# [Exercise objective]
Leave out the pictures, and retype the remaining data exactly.

# [Data section]
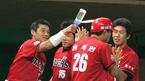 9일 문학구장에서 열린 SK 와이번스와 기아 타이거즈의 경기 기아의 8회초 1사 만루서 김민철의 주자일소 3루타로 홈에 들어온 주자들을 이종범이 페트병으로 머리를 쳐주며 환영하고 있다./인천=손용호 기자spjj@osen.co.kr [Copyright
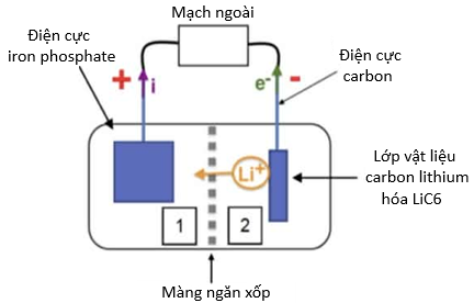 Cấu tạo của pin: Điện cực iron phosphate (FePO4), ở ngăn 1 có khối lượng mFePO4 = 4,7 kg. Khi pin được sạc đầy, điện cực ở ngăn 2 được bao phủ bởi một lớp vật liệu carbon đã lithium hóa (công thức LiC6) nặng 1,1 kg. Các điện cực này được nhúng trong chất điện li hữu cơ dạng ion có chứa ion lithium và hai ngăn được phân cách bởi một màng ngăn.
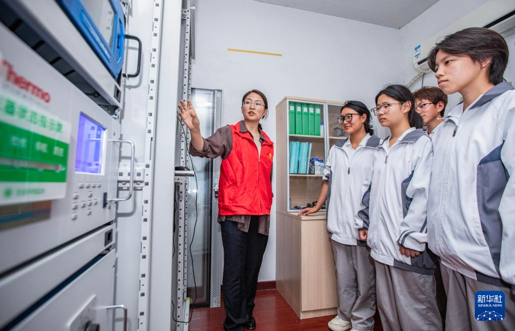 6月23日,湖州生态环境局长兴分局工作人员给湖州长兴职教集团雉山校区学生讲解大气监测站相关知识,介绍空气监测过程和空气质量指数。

# [Result of the exercise]
 9일 문학구장에서 열린 SK 와이번스와 기아 타이거즈의 경기 기아의 8회초 1사 만루서 김민철의 주자일소 3루타로 홈에 들어온 주자들을 이종범이 페트병으로 머리를 쳐주며 환영하고 있다./인천=손용호 기자spjj@osen.co.kr [Copyright
 Cấu tạo của pin: Điện cực iron phosphate (FePO4), ở ngăn 1 có khối lượng mFePO4 = 4,7 kg. Khi pin được sạc đầy, điện cực ở ngăn 2 được bao phủ bởi một lớp vật liệu carbon đã lithium hóa (công thức LiC6) nặng 1,1 kg. Các điện cực này được nhúng trong chất điện li hữu cơ dạng ion có chứa ion lithium và hai ngăn được phân cách bởi một màng ngăn.
 6月23日,湖州生态环境局长兴分局工作人员给湖州长兴职教集团雉山校区学生讲解大气监测站相关知识,介绍空气监测过程和空气质量指数。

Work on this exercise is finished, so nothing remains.